# Task statement
Reproduce the listing below from the line with "어웨이크뉴스 오경하 기자" to the line with "A stylish women's", both lines included, character for character, minus any pictures.

··· Dataset extract ···

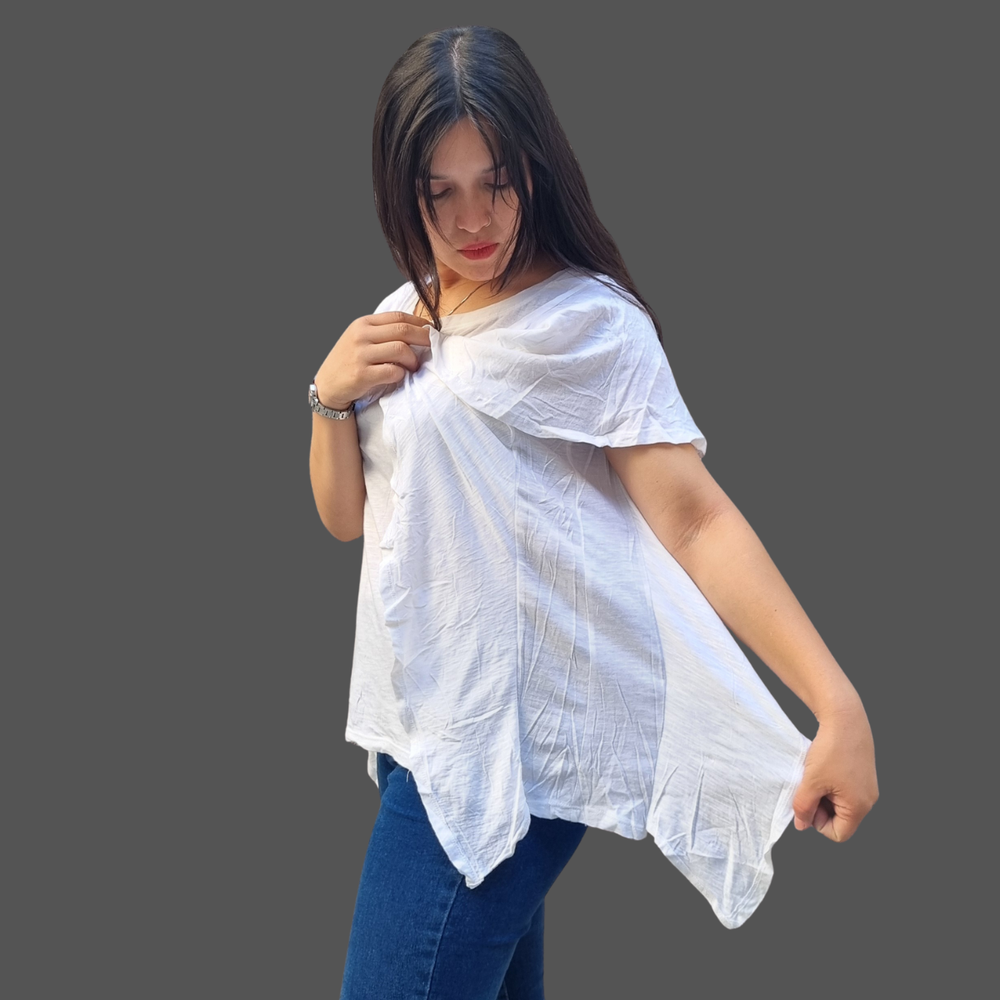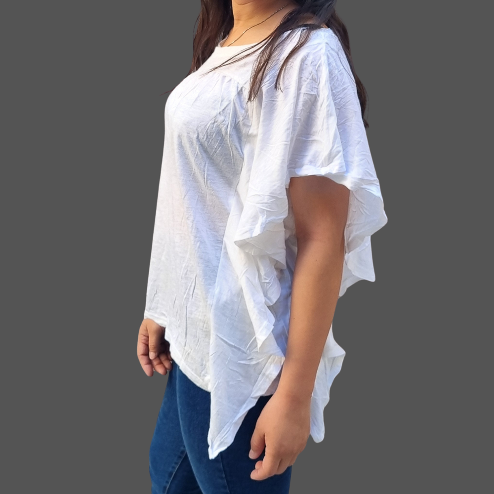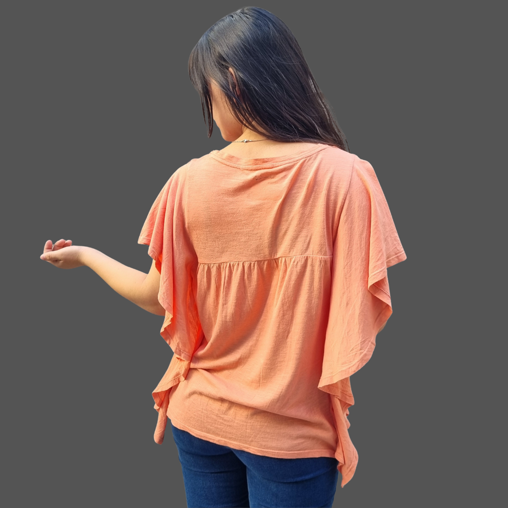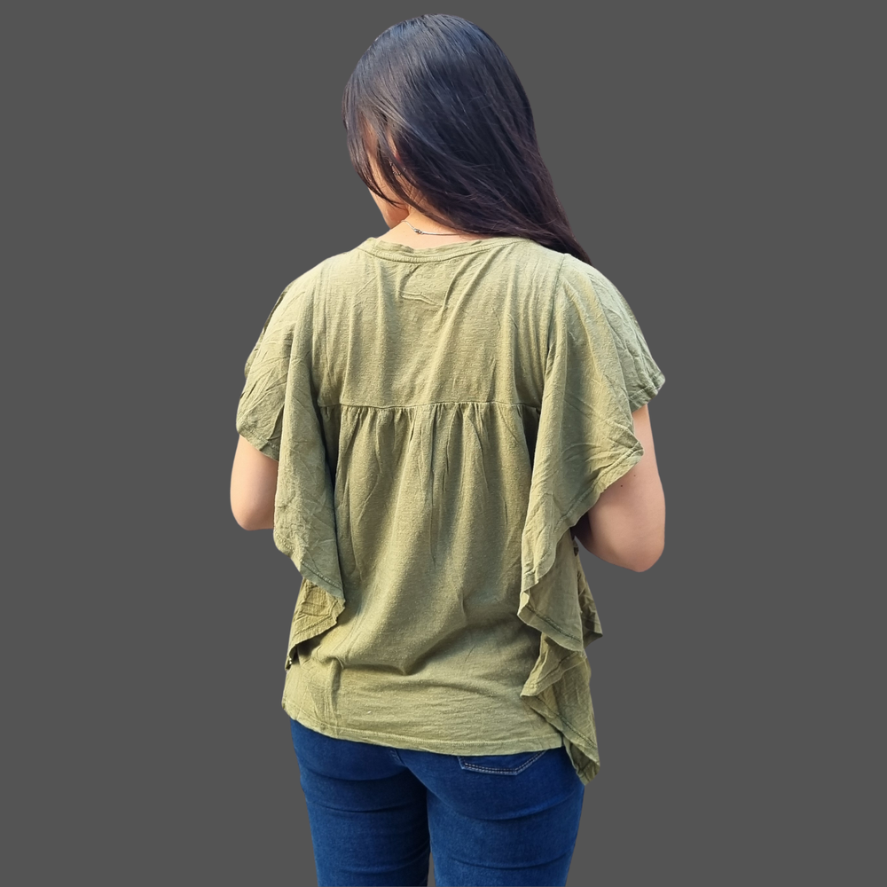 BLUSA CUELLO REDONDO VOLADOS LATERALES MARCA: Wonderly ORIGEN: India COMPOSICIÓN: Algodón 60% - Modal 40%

···
··· Dataset extract ···

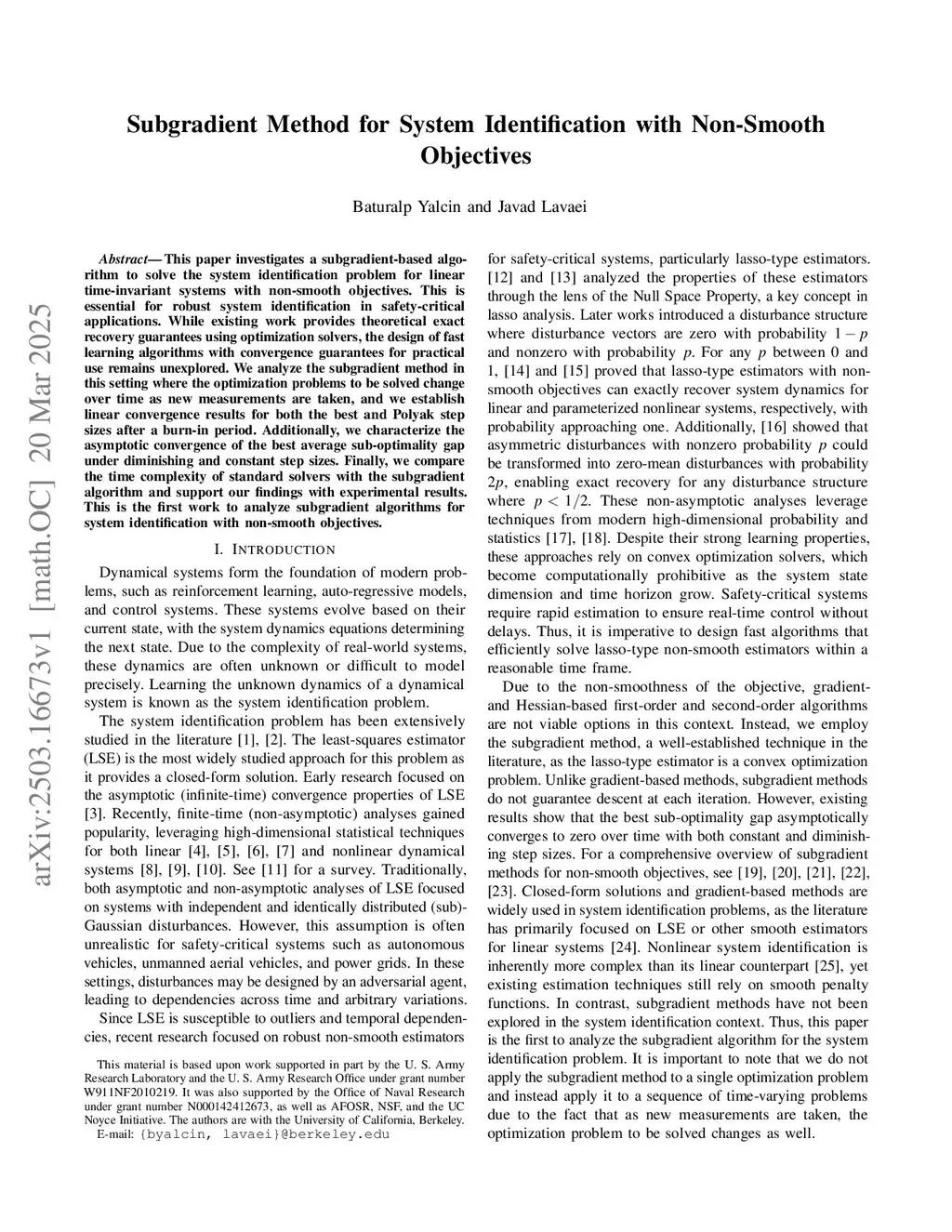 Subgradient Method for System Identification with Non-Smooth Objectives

···
··· Dataset extract ···

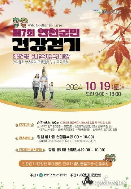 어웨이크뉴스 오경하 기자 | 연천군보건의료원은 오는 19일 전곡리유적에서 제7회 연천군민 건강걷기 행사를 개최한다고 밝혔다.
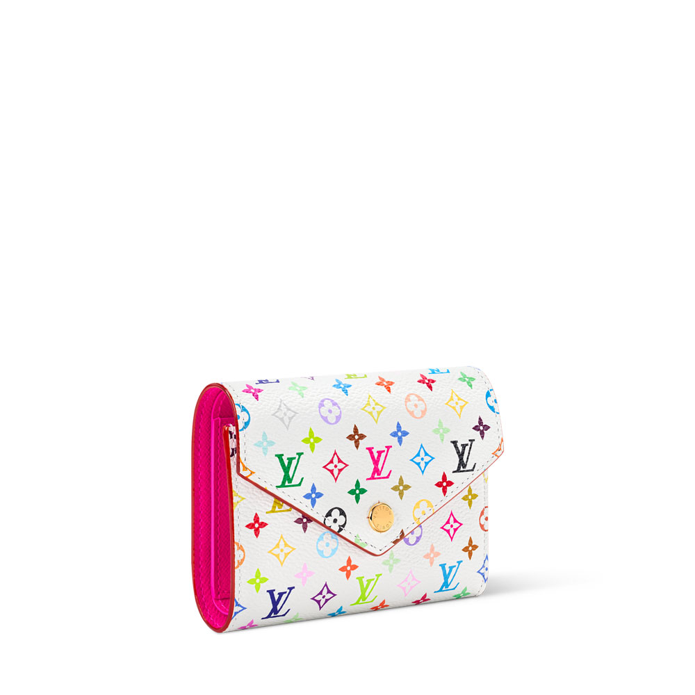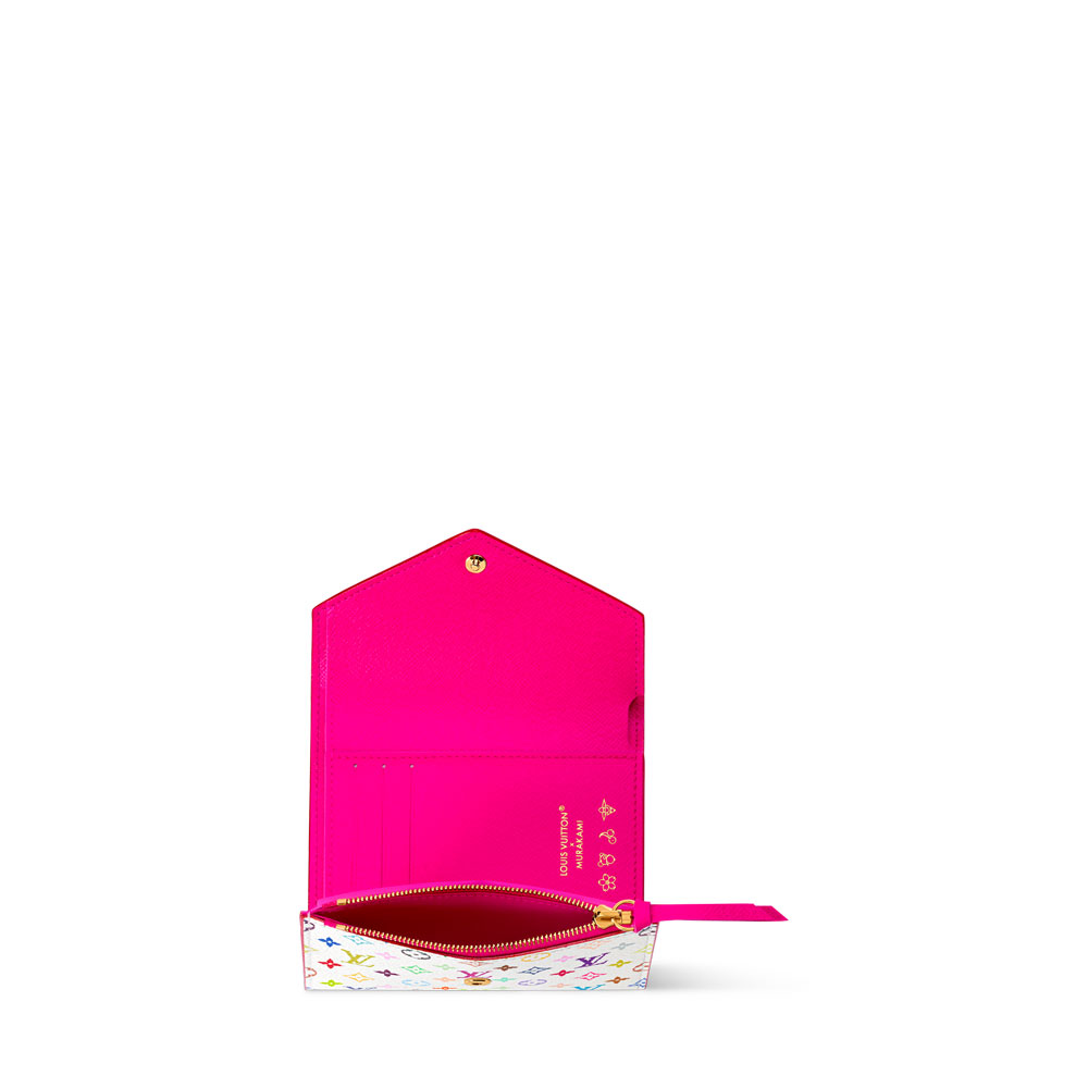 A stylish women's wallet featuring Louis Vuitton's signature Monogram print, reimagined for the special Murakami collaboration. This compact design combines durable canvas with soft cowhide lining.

···

# Solution
 어웨이크뉴스 오경하 기자 | 연천군보건의료원은 오는 19일 전곡리유적에서 제7회 연천군민 건강걷기 행사를 개최한다고 밝혔다.
 A stylish women's wallet featuring Louis Vuitton's signature Monogram print, reimagined for the special Murakami collaboration. This compact design combines durable canvas with soft cowhide lining.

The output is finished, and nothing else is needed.